### [WORK TASK]
Copy nothing but the lines from the one containing "研究生会主办,研究生第二、第" through the last line of the records, repeated exactly and without pictures.

### [Records contained in a dataset]
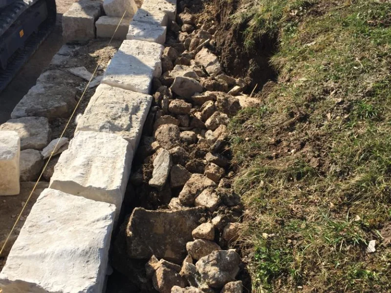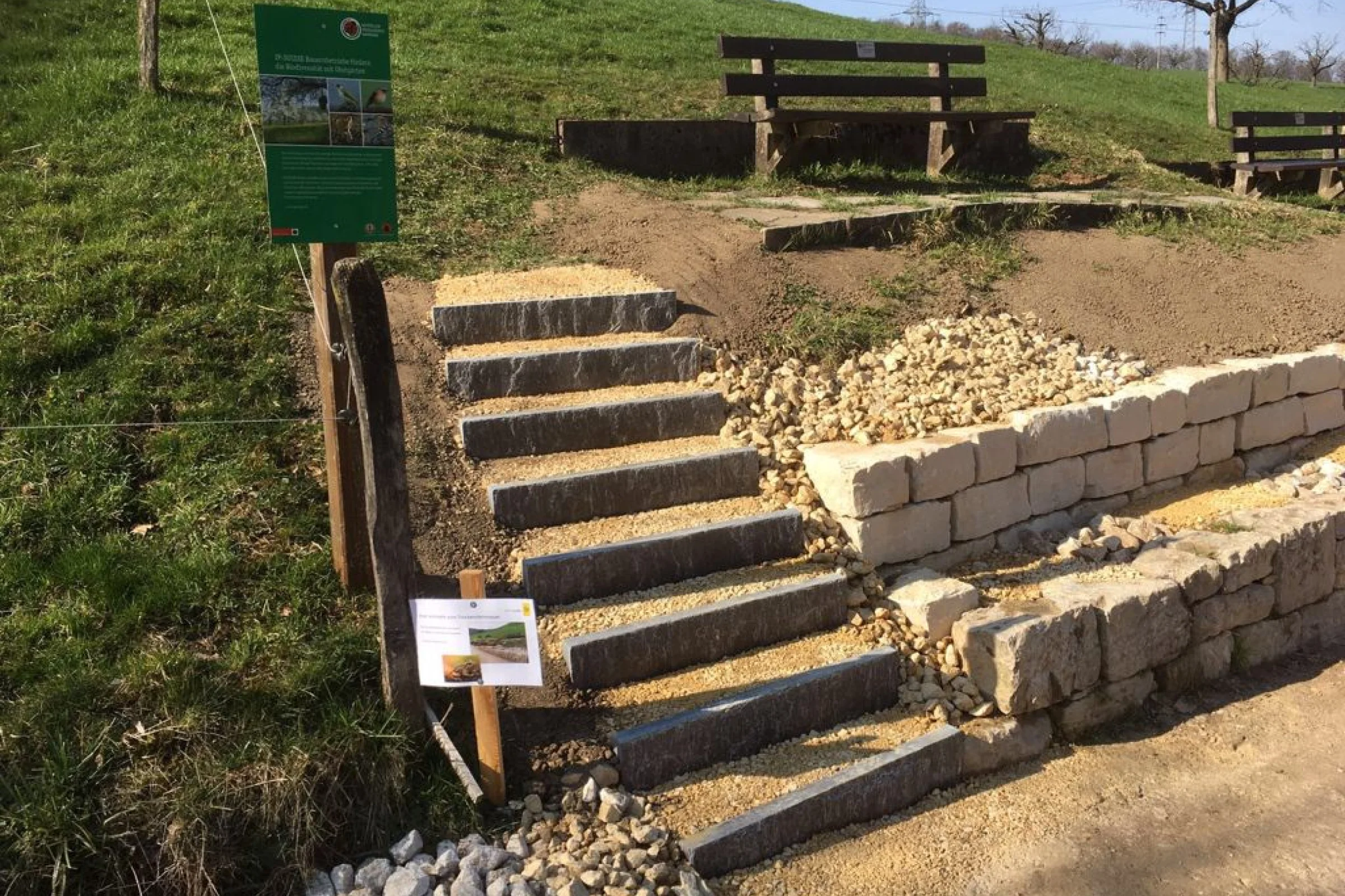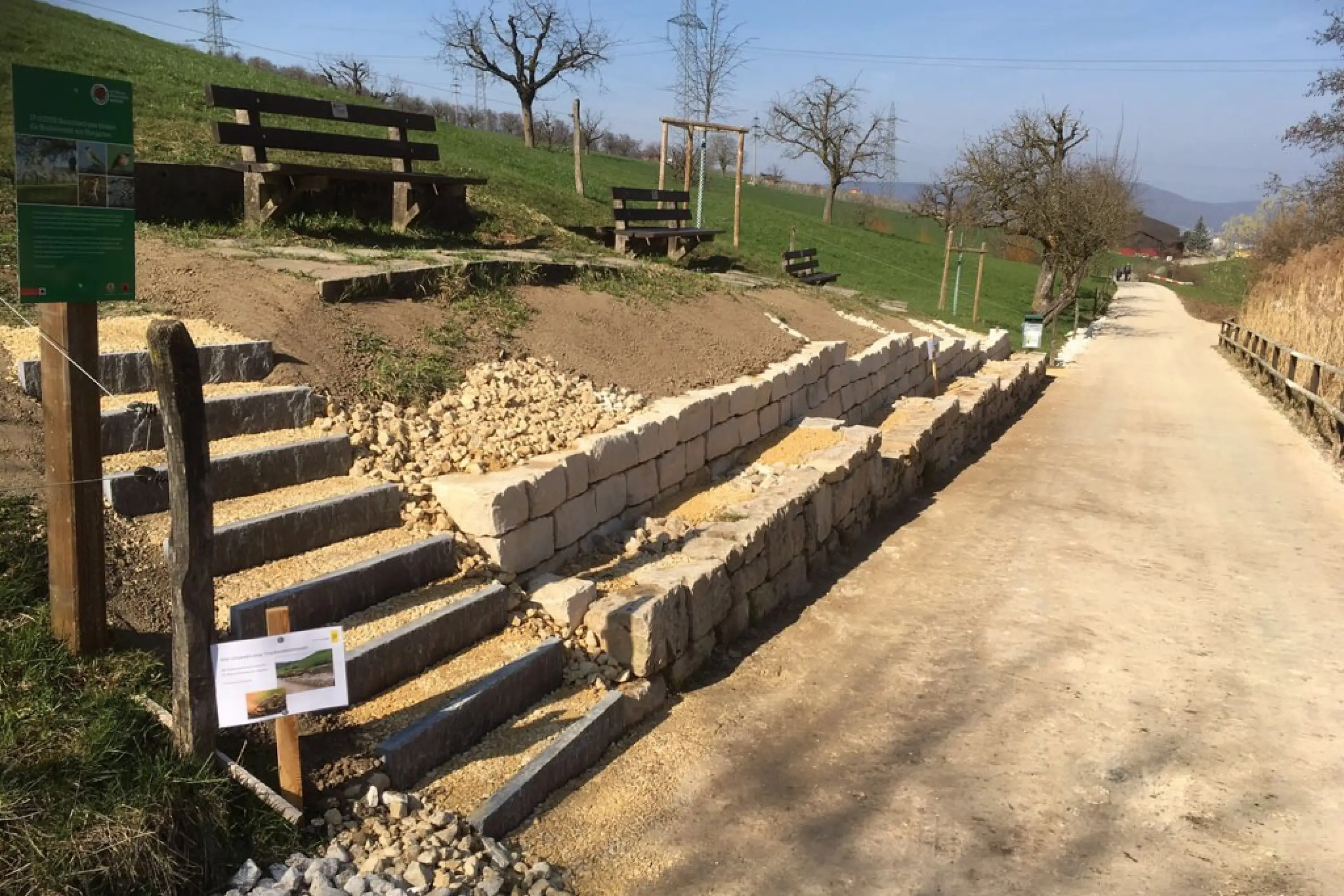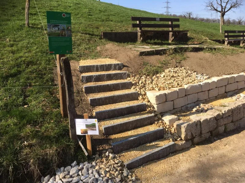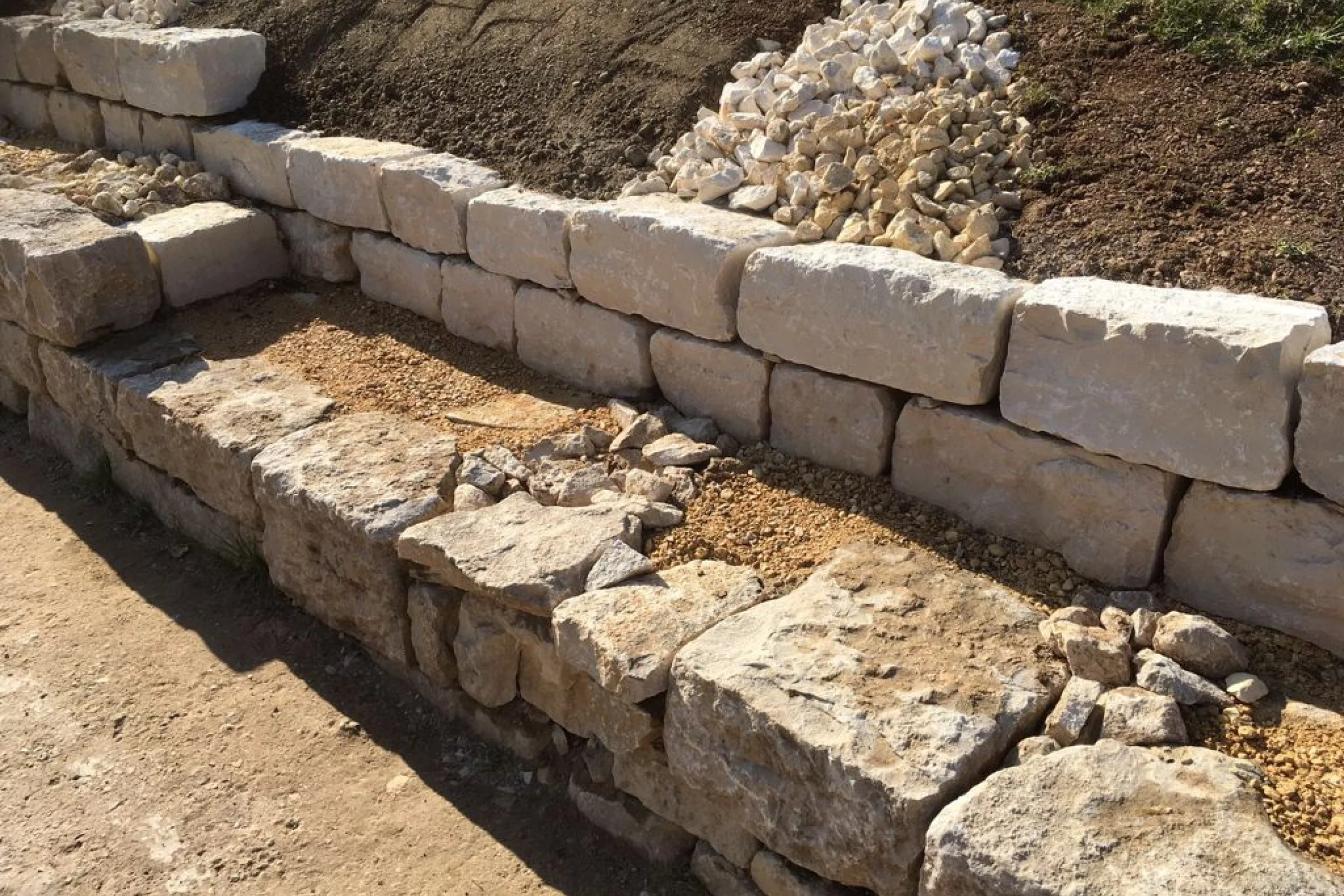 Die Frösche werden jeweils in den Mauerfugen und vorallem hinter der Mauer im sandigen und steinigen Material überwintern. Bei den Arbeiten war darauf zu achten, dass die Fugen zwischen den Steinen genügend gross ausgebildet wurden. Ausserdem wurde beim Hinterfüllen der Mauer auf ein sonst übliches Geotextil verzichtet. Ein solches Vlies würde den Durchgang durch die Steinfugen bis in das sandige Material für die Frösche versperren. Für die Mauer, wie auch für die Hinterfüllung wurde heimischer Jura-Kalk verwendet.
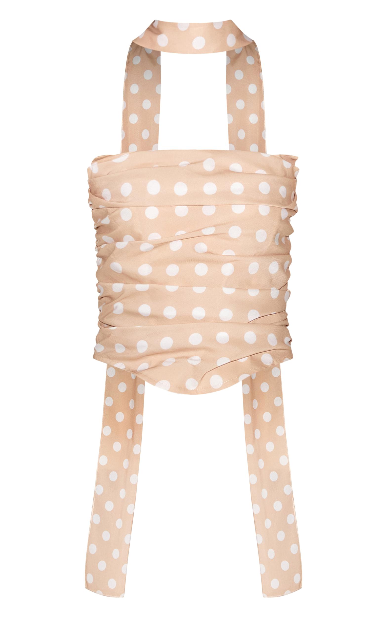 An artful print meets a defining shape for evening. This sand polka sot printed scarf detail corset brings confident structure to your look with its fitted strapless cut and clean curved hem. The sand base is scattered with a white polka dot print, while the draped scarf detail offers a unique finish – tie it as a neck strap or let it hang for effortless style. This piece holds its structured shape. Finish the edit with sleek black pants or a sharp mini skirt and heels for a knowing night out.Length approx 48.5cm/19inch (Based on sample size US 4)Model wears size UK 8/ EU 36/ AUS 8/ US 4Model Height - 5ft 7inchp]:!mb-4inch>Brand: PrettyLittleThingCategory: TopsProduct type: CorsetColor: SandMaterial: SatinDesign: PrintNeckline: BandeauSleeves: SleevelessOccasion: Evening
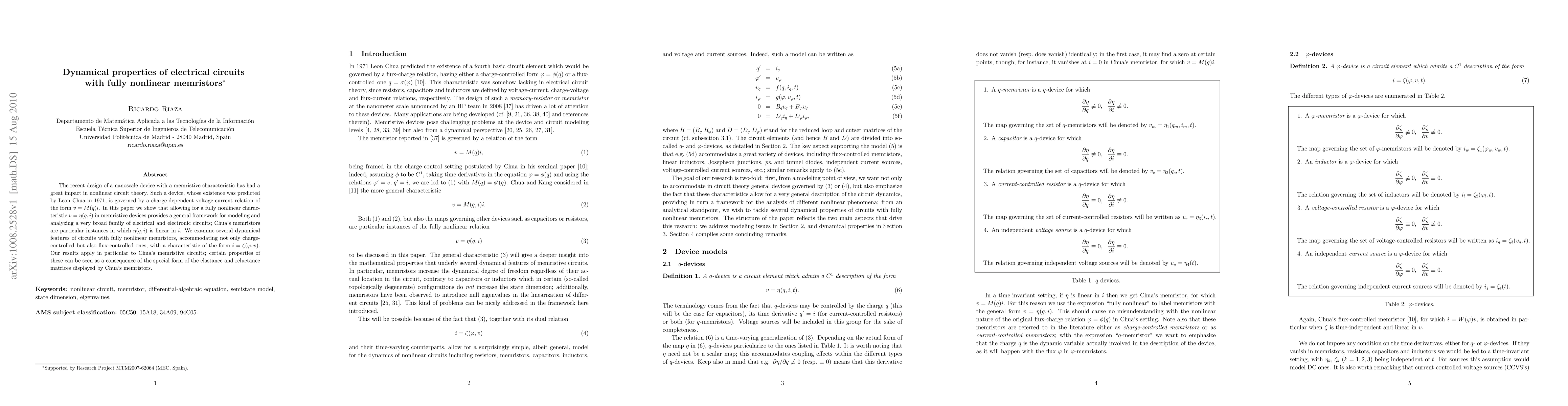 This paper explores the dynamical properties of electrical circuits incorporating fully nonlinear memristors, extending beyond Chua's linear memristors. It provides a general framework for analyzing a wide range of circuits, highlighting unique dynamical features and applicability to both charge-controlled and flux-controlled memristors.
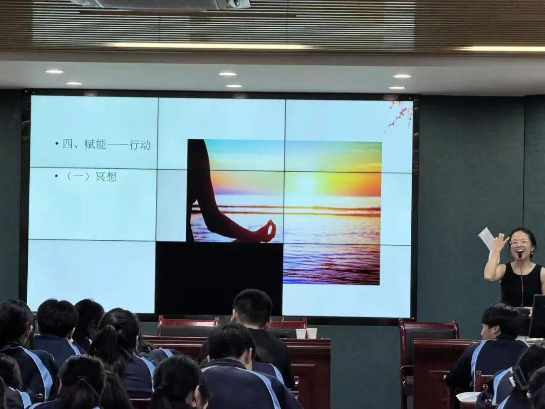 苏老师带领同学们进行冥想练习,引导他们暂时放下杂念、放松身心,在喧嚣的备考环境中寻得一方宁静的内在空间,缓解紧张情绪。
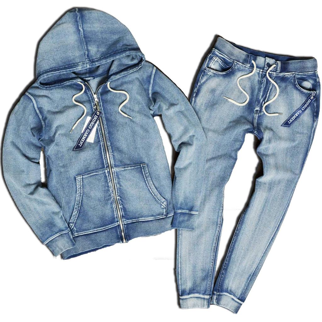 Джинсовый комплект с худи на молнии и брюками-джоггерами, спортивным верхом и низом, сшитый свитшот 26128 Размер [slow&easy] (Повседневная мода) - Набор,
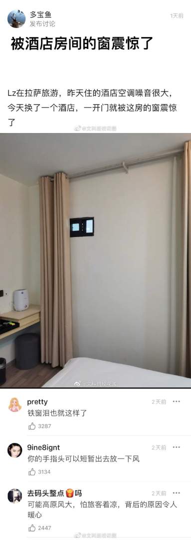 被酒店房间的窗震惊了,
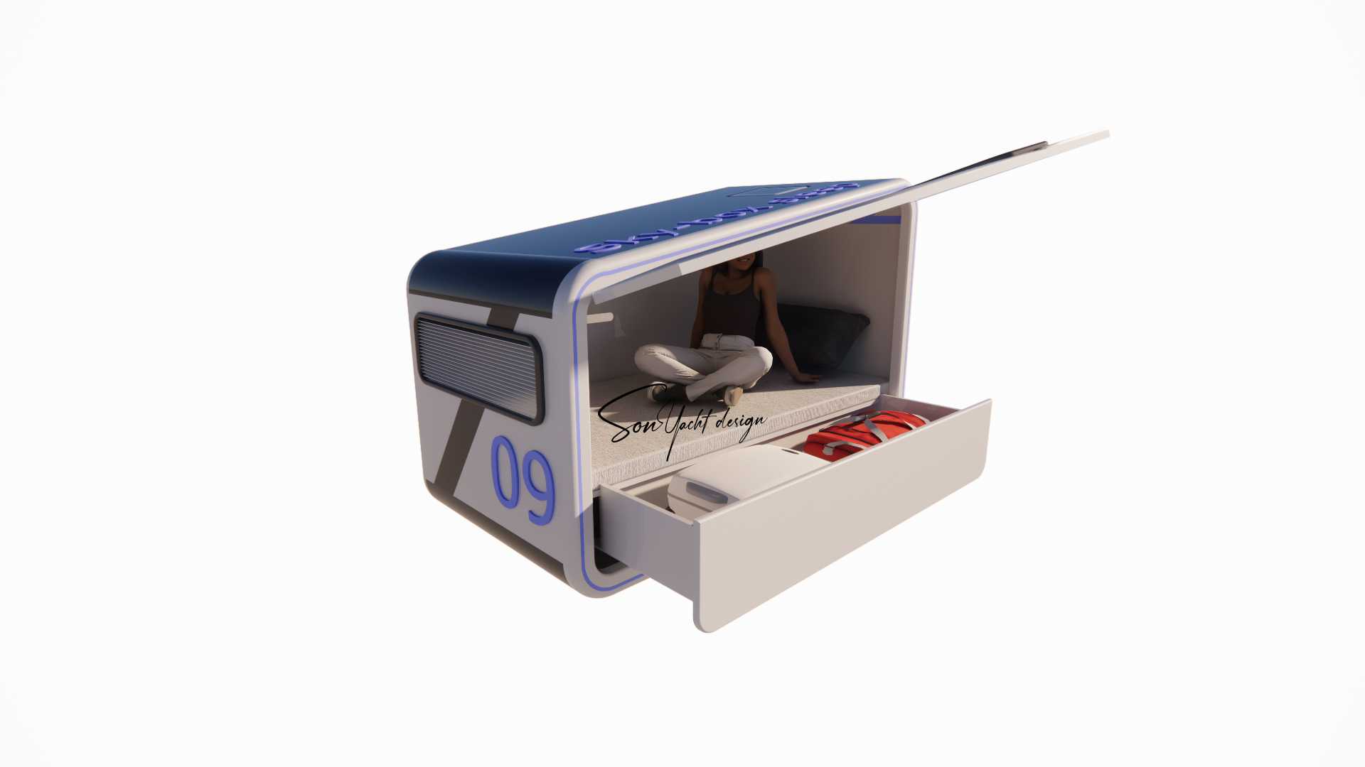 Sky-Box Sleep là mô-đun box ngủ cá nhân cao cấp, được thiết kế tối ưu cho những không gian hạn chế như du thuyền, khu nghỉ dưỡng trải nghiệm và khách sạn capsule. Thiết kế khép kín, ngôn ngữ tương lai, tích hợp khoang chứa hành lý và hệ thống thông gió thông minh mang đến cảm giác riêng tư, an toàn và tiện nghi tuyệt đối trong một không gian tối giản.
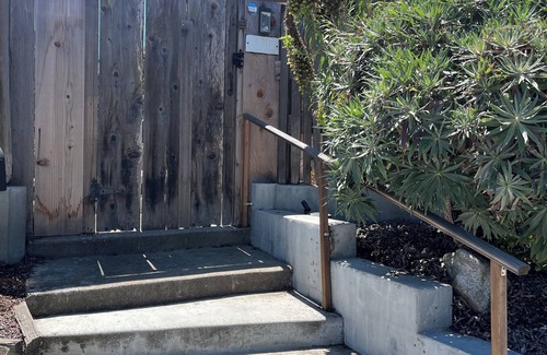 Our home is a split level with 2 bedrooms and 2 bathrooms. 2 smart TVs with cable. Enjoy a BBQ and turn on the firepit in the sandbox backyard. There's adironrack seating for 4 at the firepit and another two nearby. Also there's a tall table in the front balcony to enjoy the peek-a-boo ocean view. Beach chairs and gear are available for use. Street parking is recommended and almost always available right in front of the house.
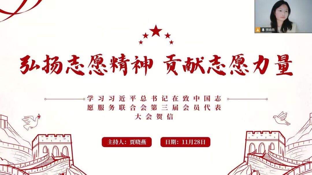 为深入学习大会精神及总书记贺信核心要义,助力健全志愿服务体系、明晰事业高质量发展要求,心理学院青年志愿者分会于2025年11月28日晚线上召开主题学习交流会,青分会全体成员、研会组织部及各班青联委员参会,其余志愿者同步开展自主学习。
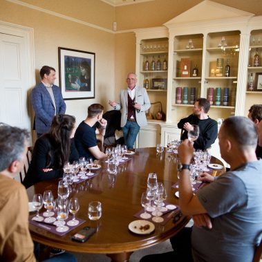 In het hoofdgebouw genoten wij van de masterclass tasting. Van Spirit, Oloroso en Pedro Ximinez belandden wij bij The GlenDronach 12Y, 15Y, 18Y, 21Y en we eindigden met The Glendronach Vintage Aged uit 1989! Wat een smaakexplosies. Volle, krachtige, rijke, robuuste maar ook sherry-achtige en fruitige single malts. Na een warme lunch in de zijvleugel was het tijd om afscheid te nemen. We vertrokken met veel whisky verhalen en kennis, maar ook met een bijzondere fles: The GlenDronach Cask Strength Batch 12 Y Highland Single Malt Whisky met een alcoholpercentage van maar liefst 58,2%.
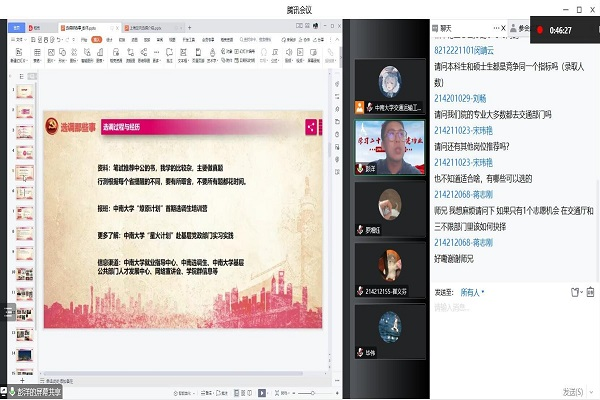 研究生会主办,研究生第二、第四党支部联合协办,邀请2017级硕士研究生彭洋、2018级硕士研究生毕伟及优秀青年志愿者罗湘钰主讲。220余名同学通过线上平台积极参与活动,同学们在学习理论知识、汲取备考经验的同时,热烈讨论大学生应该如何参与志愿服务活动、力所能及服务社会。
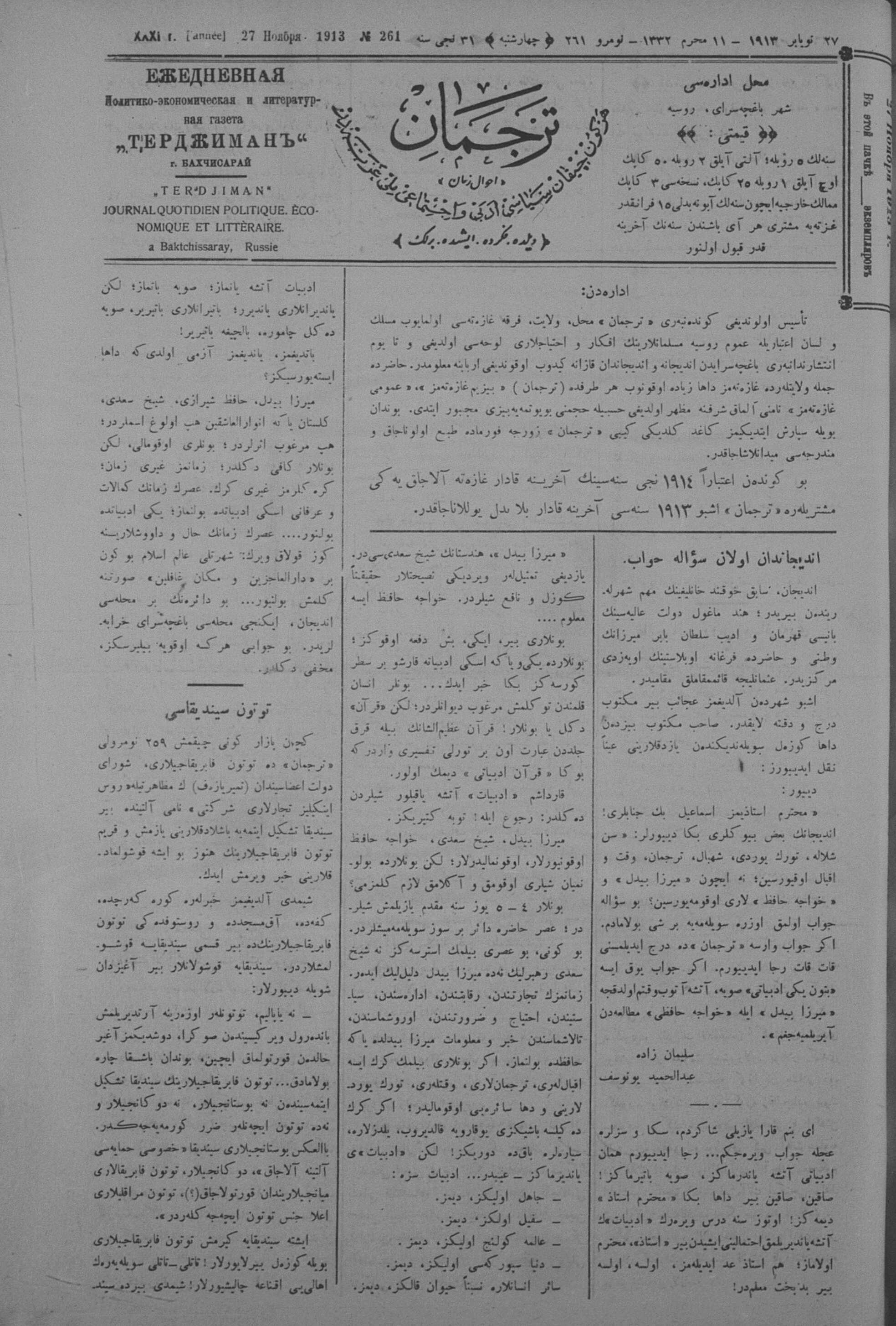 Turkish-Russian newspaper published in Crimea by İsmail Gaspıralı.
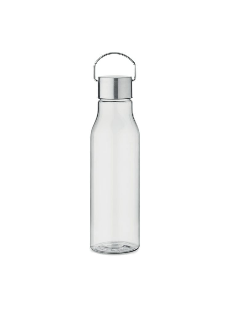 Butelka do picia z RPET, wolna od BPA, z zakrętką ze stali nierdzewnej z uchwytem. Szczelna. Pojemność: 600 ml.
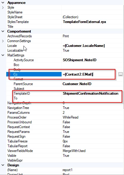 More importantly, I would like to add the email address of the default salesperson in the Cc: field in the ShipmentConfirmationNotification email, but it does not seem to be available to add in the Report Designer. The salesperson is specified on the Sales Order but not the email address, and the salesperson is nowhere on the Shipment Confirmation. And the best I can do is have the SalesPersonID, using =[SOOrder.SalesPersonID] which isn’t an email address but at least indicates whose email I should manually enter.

### [TASK OUTPUT]
 研究生会主办,研究生第二、第四党支部联合协办,邀请2017级硕士研究生彭洋、2018级硕士研究生毕伟及优秀青年志愿者罗湘钰主讲。220余名同学通过线上平台积极参与活动,同学们在学习理论知识、汲取备考经验的同时,热烈讨论大学生应该如何参与志愿服务活动、力所能及服务社会。
 Turkish-Russian newspaper published in Crimea by İsmail Gaspıralı.
 Butelka do picia z RPET, wolna od BPA, z zakrętką ze stali nierdzewnej z uchwytem. Szczelna. Pojemność: 600 ml.
 More importantly, I would like to add the email address of the default salesperson in the Cc: field in the ShipmentConfirmationNotification email, but it does not seem to be available to add in the Report Designer. The salesperson is specified on the Sales Order but not the email address, and the salesperson is nowhere on the Shipment Confirmation. And the best I can do is have the SalesPersonID, using =[SOOrder.SalesPersonID] which isn’t an email address but at least indicates whose email I should manually enter.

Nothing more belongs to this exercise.